You can also pack an entire meal to carry on the airplane, as long as liquids are below 3oz (or frozen – that’s my secret trick!). This is useful if I need to eat a meal during a layover between two international flights.

I also always like to take gluten-free essentials like dried pasta, gluten-free bread (if I’m traveling somewhere with a low probability of finding it in-country), pre-packed purity protocol oatmeal, and reusable toaster protection packets. I also know some people travel with their own sponges and cutting boards.

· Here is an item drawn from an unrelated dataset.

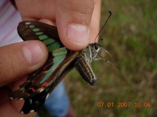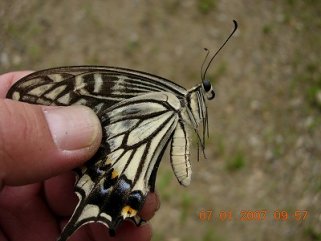 【左】飛翔していたキアゲハ(♀)を捕まえました。

Gluten-free travel doesn’t have to be hard, and celiac disease doesn’t have to prevent you from seeing the world! In fact, because of my extra dietary needs, I tend to see more of a place and get more off-the-beaten-path (searching for 100% gluten-free restaurants, of course!).

As long as you prepare yourself properly, and try to take a positive attitude, safe gluten-free travel is totally possible.

What do you think? Are you ready to take on international gluten-free travel adventures now?